*** Opening DATA SHOWN ***
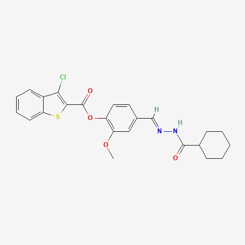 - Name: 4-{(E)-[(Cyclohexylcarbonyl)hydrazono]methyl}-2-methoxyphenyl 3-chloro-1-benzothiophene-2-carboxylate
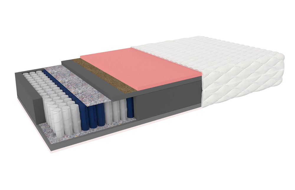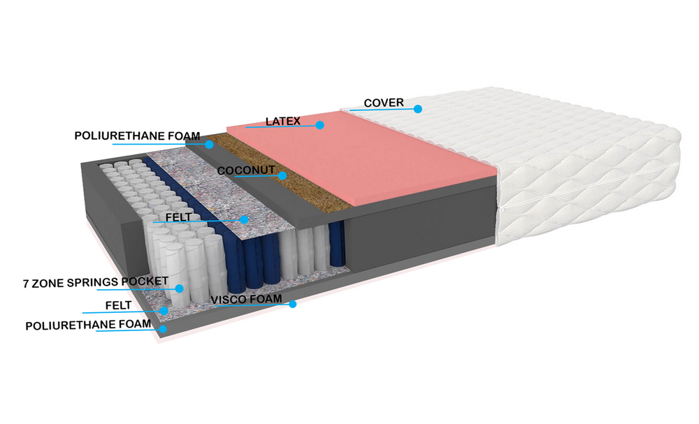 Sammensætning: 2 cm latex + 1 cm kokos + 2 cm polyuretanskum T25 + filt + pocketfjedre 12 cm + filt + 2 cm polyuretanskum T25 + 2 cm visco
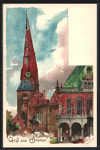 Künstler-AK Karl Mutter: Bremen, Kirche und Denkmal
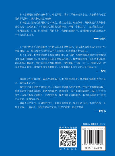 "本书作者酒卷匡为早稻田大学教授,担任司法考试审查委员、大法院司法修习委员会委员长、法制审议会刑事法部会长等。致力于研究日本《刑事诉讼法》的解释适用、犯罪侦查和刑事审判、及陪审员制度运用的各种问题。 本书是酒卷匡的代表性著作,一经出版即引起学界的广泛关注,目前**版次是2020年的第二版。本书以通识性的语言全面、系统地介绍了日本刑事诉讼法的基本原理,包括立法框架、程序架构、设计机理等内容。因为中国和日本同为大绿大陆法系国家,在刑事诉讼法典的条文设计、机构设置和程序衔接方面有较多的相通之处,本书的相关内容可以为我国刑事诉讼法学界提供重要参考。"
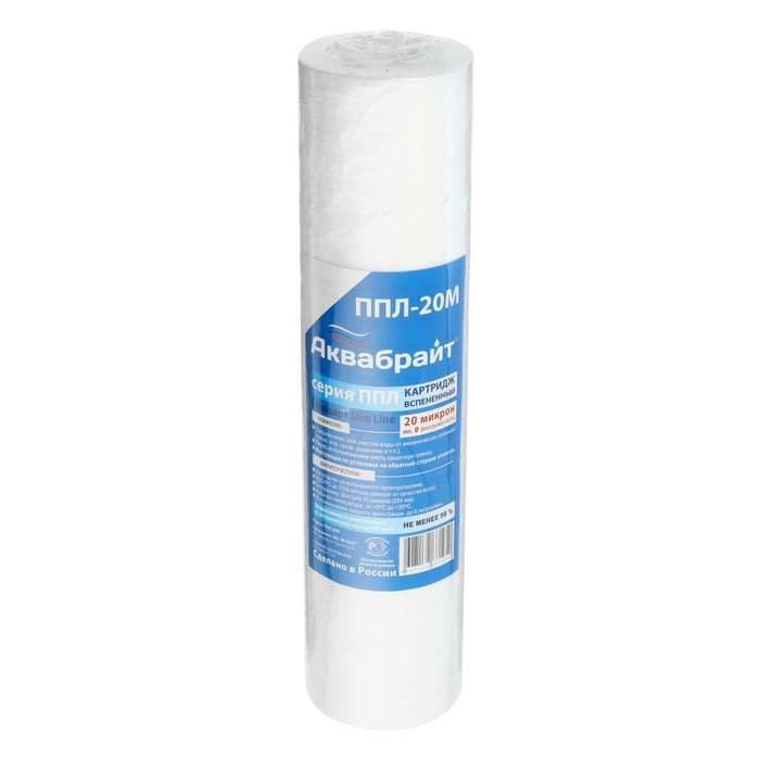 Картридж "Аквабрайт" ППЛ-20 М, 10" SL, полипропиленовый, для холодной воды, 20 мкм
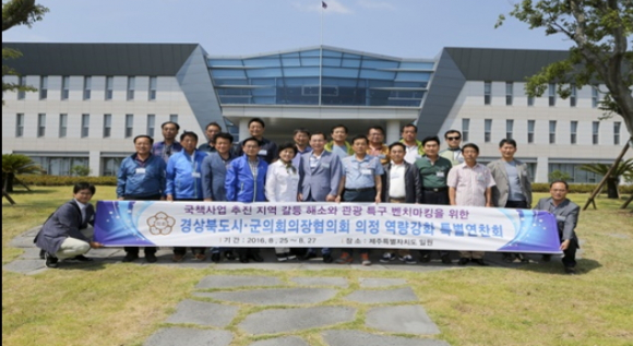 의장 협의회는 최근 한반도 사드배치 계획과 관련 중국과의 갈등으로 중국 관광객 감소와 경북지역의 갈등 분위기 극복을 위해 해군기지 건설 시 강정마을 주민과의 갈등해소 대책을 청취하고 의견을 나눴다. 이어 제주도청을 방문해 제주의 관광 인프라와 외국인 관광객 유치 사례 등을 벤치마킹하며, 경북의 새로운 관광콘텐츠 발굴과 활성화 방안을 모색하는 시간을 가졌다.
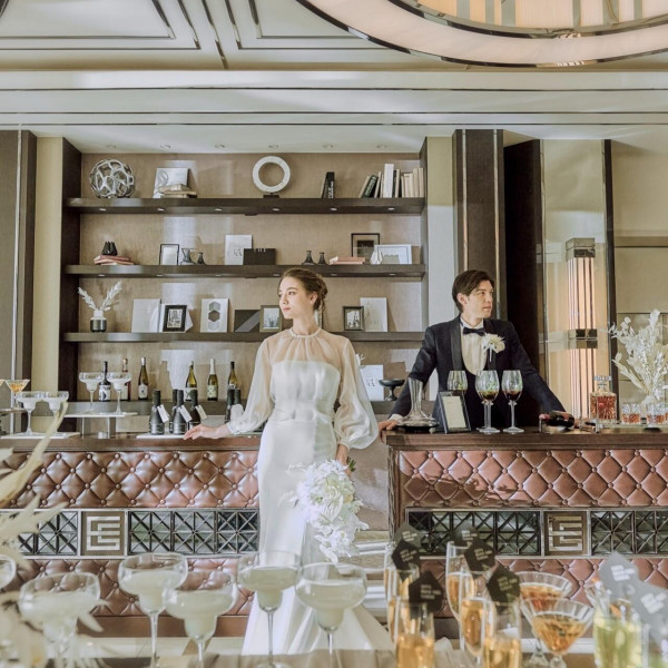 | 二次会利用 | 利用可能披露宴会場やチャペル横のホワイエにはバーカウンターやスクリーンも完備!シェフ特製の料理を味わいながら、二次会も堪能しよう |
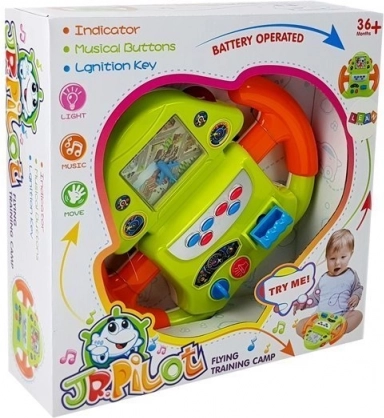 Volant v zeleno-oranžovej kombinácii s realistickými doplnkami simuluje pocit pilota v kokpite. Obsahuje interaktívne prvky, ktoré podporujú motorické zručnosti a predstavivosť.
*** Closing DATA SHOWN ***
▸ EXERCISE OBJECTIVE:
Pictures are to be omitted; otherwise, write out the data exactly as it appears.

▸ OUTPUT BELOW:
 - Name: 4-{(E)-[(Cyclohexylcarbonyl)hydrazono]methyl}-2-methoxyphenyl 3-chloro-1-benzothiophene-2-carboxylate
 Sammensætning: 2 cm latex + 1 cm kokos + 2 cm polyuretanskum T25 + filt + pocketfjedre 12 cm + filt + 2 cm polyuretanskum T25 + 2 cm visco
 Künstler-AK Karl Mutter: Bremen, Kirche und Denkmal
 "本书作者酒卷匡为早稻田大学教授,担任司法考试审查委员、大法院司法修习委员会委员长、法制审议会刑事法部会长等。致力于研究日本《刑事诉讼法》的解释适用、犯罪侦查和刑事审判、及陪审员制度运用的各种问题。 本书是酒卷匡的代表性著作,一经出版即引起学界的广泛关注,目前**版次是2020年的第二版。本书以通识性的语言全面、系统地介绍了日本刑事诉讼法的基本原理,包括立法框架、程序架构、设计机理等内容。因为中国和日本同为大绿大陆法系国家,在刑事诉讼法典的条文设计、机构设置和程序衔接方面有较多的相通之处,本书的相关内容可以为我国刑事诉讼法学界提供重要参考。"
 Картридж "Аквабрайт" ППЛ-20 М, 10" SL, полипропиленовый, для холодной воды, 20 мкм
 의장 협의회는 최근 한반도 사드배치 계획과 관련 중국과의 갈등으로 중국 관광객 감소와 경북지역의 갈등 분위기 극복을 위해 해군기지 건설 시 강정마을 주민과의 갈등해소 대책을 청취하고 의견을 나눴다. 이어 제주도청을 방문해 제주의 관광 인프라와 외국인 관광객 유치 사례 등을 벤치마킹하며, 경북의 새로운 관광콘텐츠 발굴과 활성화 방안을 모색하는 시간을 가졌다.
 | 二次会利用 | 利用可能披露宴会場やチャペル横のホワイエにはバーカウンターやスクリーンも完備!シェフ特製の料理を味わいながら、二次会も堪能しよう |
 Volant v zeleno-oranžovej kombinácii s realistickými doplnkami simuluje pocit pilota v kokpite. Obsahuje interaktívne prvky, ktoré podporujú motorické zručnosti a predstavivosť.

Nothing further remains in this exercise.